Встретив тебя впервые, я сразу понял, что вскормлен ты совсем в другой берлоге, чем все остальное шныряющее здесь зверье. Да и кормильцы у тебя весьма занятные. Я уж думал, что память о них сохранилась только в древних сказаниях. Жаль, что я тогда недооценил тебя. Гордыня иногда шутит с максарами плохие шутки. Но и ты не обольщайся чрезмерно. Судьба или могучее заклятье, а может быть, и то и другое вместе, пока берегут тебя, но так будет не всегда. Ты просто не в состоянии осознать силы тех, кому бросаешь вызов.

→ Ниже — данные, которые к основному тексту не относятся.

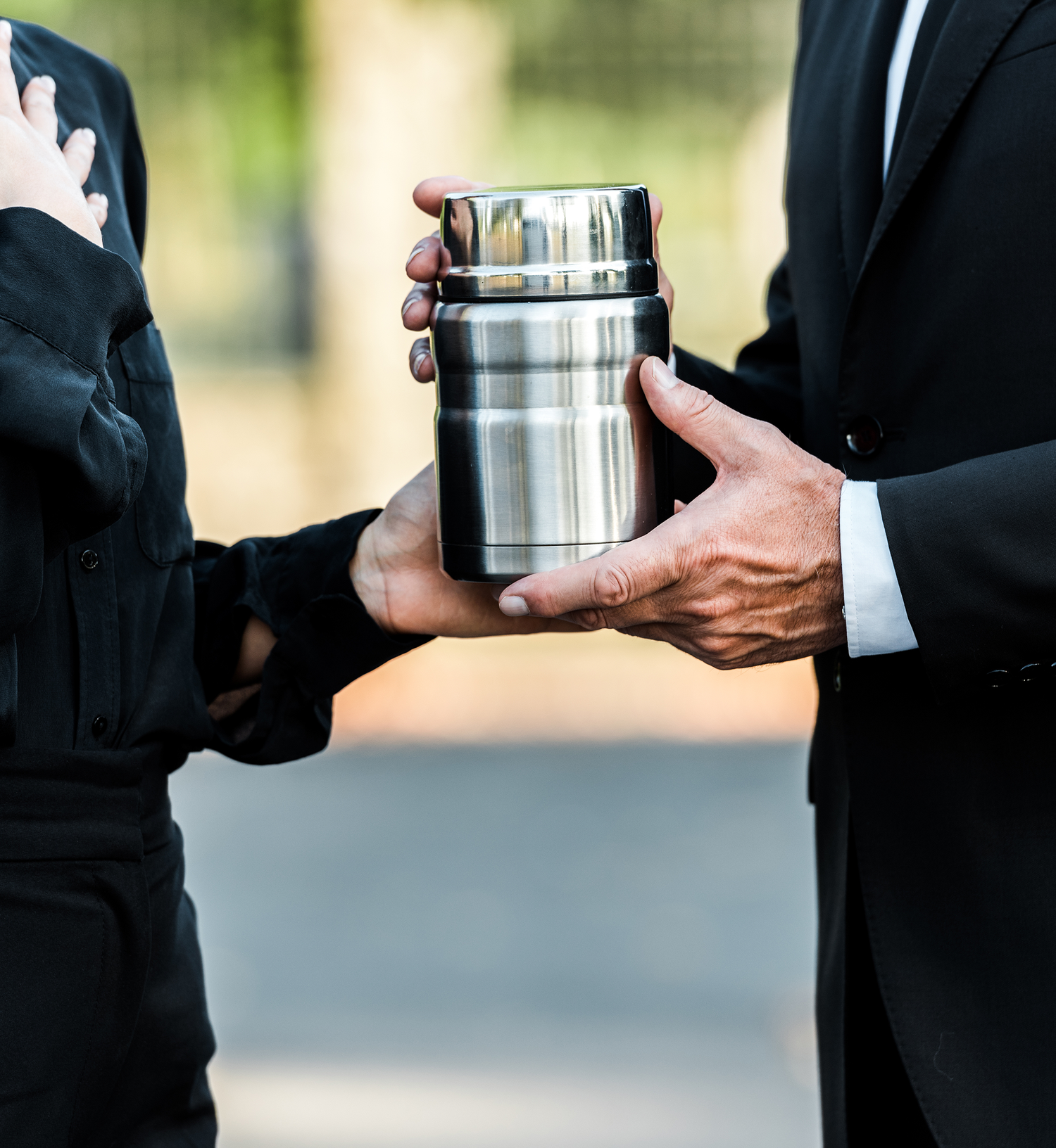 The remains are securely placed in a heavy-duty sealed bag, then placed in the selected urn.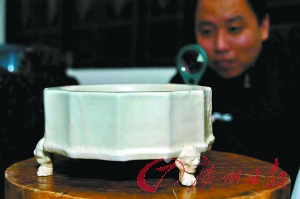 昨日下午,得到藏家羅先生特許,本報(bào)記者按要求獨(dú)家拍攝了這件汝窯,并探尋了其中三大傳奇之處,“目前來(lái)說(shuō)因?yàn)槭枪缕罚瑸榱朔乐狗略,我們禁止任何拍攝,廣州日?qǐng)?bào)拍攝的圖片,是第一張。”潘館長(zhǎng)說(shuō)道。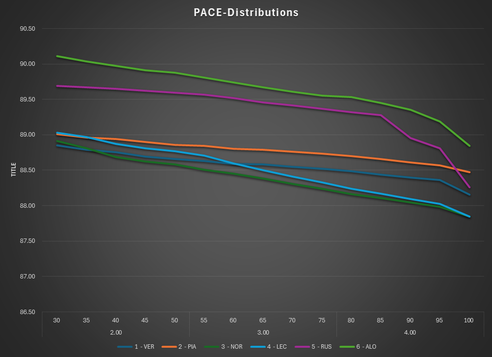 Q4: The hierarchy holds into the final quartile. NOR and LEC retain the strongest closing pace; VER remains consistent but lacks top-end pace. RUS and ALO remain outside the leading pace window.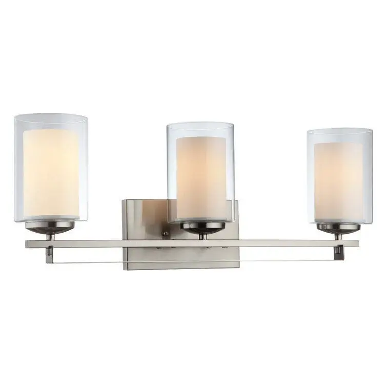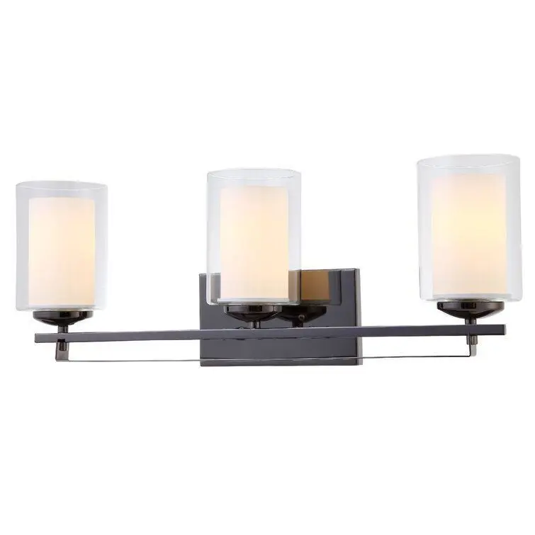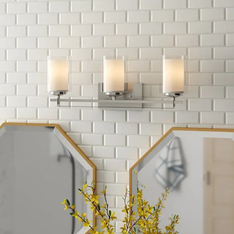 - Brighten your space in curated contemporary style with this three-light wall sconce. Crafted of metal in a fashionable finish, this fixture features a sleek, rectangular backplate complete with decorative screw caps and four short arms.

— Именно это ты хотел сказать мне? — Артем понимал, что пора уходить, что речи Стардаха лишь хитрый обман, но что-то (но отнюдь не воля максара) удерживало его на месте.
— Конечно, Это не главное. Ты можешь идти своим путем дальше и даже добраться до назначенной цели. Не исключено, что ты уцелеешь. Твоя удача — удача муравья, за которым никогда не станет гоняться могучий лев. Но ведь ты даже не знаешь, в какую сторону идти, не так ли?
— Я не делал из этого секрета ни от твоего отца Адракса, ни от погубленного тобой жестянщика Азда.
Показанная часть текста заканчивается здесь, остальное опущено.